A recent Brattle analysis shows upcoming coal retirements are unlikely to affect reliability in Texas (even though the state has one of the lowest reserve margins in the nation), because of other resources under construction, planned, or possible in the near-term. And, providing future-oriented job training programs or pensions for displaced workers is a less expensive way to support affected workers and communities than continuing to use ratepayer funds to prop up overall operations of uneconomic plants.

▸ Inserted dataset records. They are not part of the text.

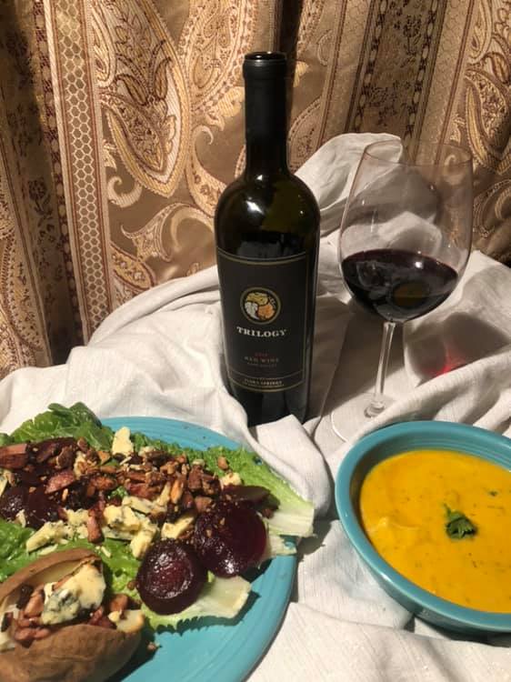 Pairing: The Trilogy loved the blue cheese and the garam masala on our roast nuts on the cheese plate and on the salad. Super great with the salami and paired well with the smoked ham. This would be a wonderful wine for any family occasion with ham or prime rib; for a smaller gathering, consider rack of lamb,  braised lamb shanks or osso bucco with creamy polenta.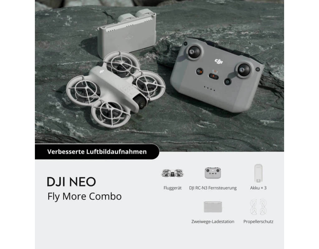 DJI Neo Fly More Combo with RC-N3: максимальна свобода польотів DJI Neo Fly More Combo with RC-N3 — це ідеальне рішення для тих, хто прагне максимальної ефективності та комфорту в управлінні дроном. Завдяки передовим технологіям DJI Neo забезпечує стабільний та плавний політ, відмінну якість відео і розширені можливості зйомки. Комплект Fly More Combo пропонує додаткові аксесуари, які значно розширюють можливості пристрою. Основні переваги DJI Neo Fly More Combo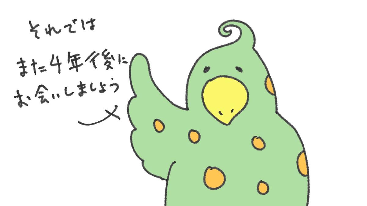 閏年の鳥:また4年後の再開を願って手を降っている

The need for collaboration: Utilities are grappling with new business models — understanding the value of new services can help
Given FERC’s newest proposed rule to better integrate storage and aggregated distributed resources, the question about the interface between the utility and the market operator is more critical than ever. Some utilities are making progress defining their role and business model given all the changes we are witnessing, but more specific and clear proposals are badly needed.
New York and California are have begun running up against some of these questions. In New York, the Public Service Commission began a process to turn utilities into market platform providers for distributed energy resources. Since New York prohibits utilities from owning these resources, the commission plans to optimize the system via market-based pricing that will interact with wholesale market prices. We can expect more of the details of those interactions between distribution and bulk transmission level prices to be worked out in 2017. California utilities are also piloting distributed energy resource auctions to compete with centralized generation in providing local capacity, but exactly how the resulting revenue streams couple with wholesale market bidding remains to be seen.
Signs point to 2017 being the year for more concrete proposals on how to divide responsibility and activities related to integrating and pricing resources across the transmission-distribution interface.
The why now: Pilots, policies and today’s plans will shape the next decade or more
Progress in wholesale markets can seem slow, but momentum is building for changes enabling more resources to participate in the markets and trade more flexibility. One change already helping reward flexible resources is Texas’ “operating reserve demand curve,” which increases real-time market prices in advance of triggering an official scarcity event. This has proven to be effective, and the mechanism is now spreading across the nation, especially as regional market operators look to implement FERC’s 5-minute settlement rule.
Out west, the Energy Imbalance Market now enables six of the region’s largest utilities to trade certain balancing services, increasing the flexibility of the region’s grid. Market benefits have topped $110 million just two years after the program first launched, and several more utilities have stated their intention to join.
And what should we expect in 2017?
If FERC’s proposed rule for storage and aggregated distributed resources is finalized early next year as expected, implementation will move to the regional markets. Each will then propose their own specific changes to their products and operations to enable more resources to participate and get paid in the market.
These steps will each advance the conversation about balancing supply and demand, valuing flexibility, and enabling a more diverse set of resources to participate in the market. 2016 saw many positive steps forward, but far more progress is needed in 2017 (and beyond) to future-proof America’s power markets.
Sonia Aggarwal directs America’s Power Plan.